To achieve more balanced and durable economic growth and to reduce the risks of financial instability, we must avoid ever-increasing and unsustainable imbalances in trade and capital flows. External imbalances have already narrowed substantially as a consequence of the crisis, as reduced income and wealth and tighter credit have led households in the United States and other advanced industrial countries to save more and spend less, including on imported goods. Together with lower oil prices and reduced business investment, these changes in behavior have lowered the U.S. current account deficit from about 5 percent of GDP in 2008 to less than 3 percent in the second quarter of this year. Reflecting in part reduced import demand from the United States, China's current account surplus fell from about 10 percent of GDP in the first half of 2008 to about 6-1/2 percent of GDP in the first half of this year.

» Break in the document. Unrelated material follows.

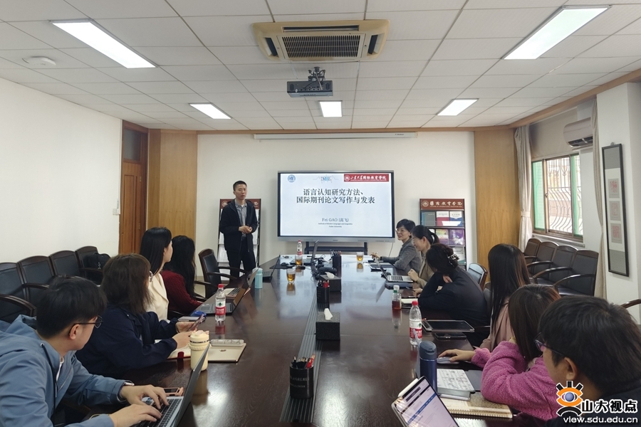 [本站讯]3月29日上午,国际教育学院举办“海岱新声”青年教师科研规划与专业成长沙龙暨第六十七期教学学术工作坊,复旦大学现代语言学研究院青年副研究员高飞受邀以“语言认知研究方法与SCI/SSCI期刊论文发表”为主题进行分享。本次沙龙由副院长矫雅楠主持,学院部分青年教师与博士研究生参与活动。
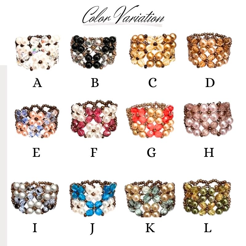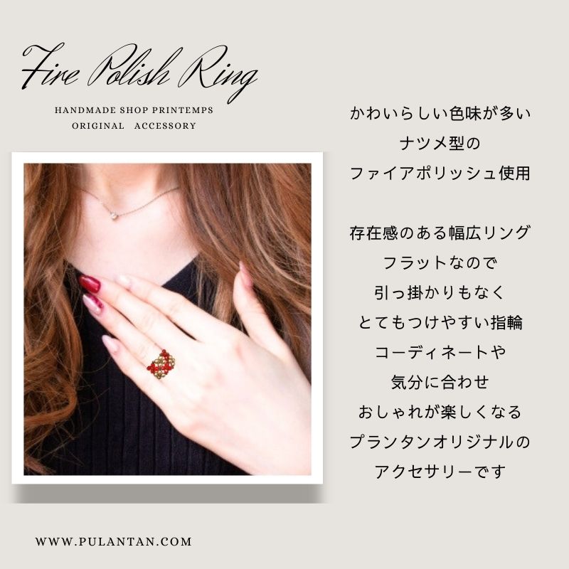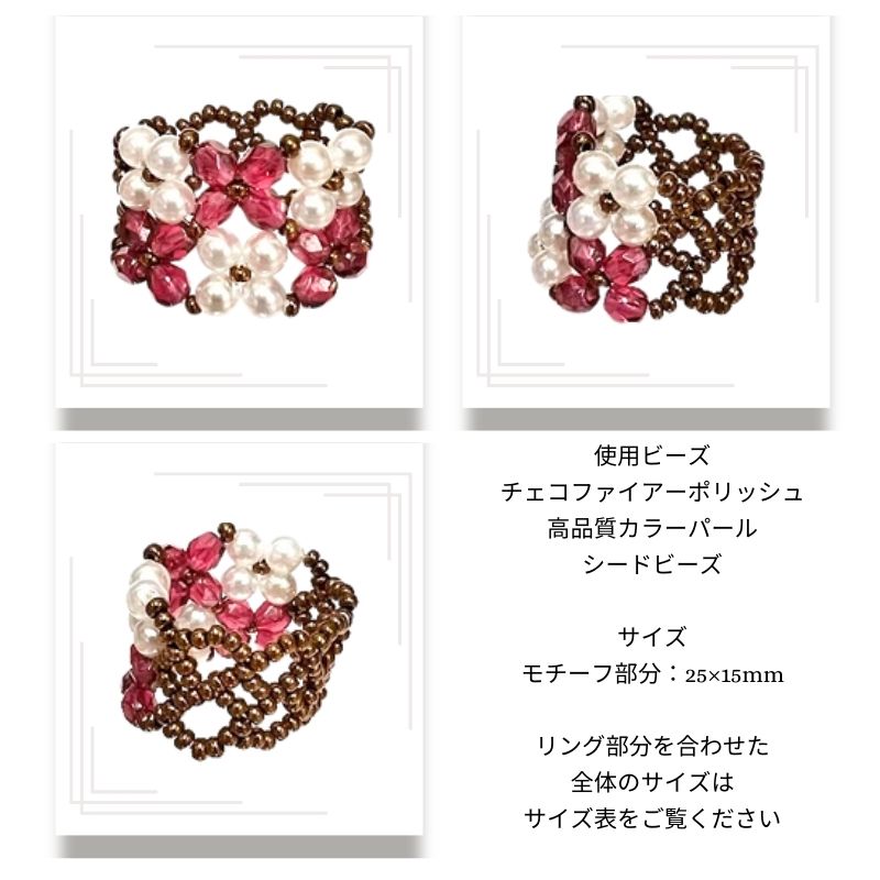 チェコビーズを使用し製作した4枚花を2段に並べた幅広リング。フラットなので付け心地もよく引っ掛かりもありません。

As the global economy recovers and trade volumes rebound, however, global imbalances may reassert themselves. As national leaders have emphasized in recent meetings of the G-20, policymakers around the world must guard against such an outcome. We understand, at least in principle, how to do this. The United States must increase its national saving rate. Although we should deploy, as best we can, tools to increase private saving, the most effective way to accomplish this goal is by establishing a sustainable fiscal trajectory, anchored by a clear commitment to substantially reduce federal deficits over time. For their part, to achieve balanced and sustainable growth, the authorities in surplus countries, including most Asian economies, must act to narrow the gap between saving and investment and to raise domestic demand. In large part, such actions should focus on boosting consumption. Admittedly, just as increasing private saving in the United States is challenging, promoting consumption in a high-saving country is not necessarily straightforward. One potentially effective strategy is to reduce households' precautionary motive for saving by strengthening pension systems and increasing government spending on health care and education. Of course, such measures are likely to improve welfare and productivity as well as to contribute to more balanced, robust, and sustainable economic growth.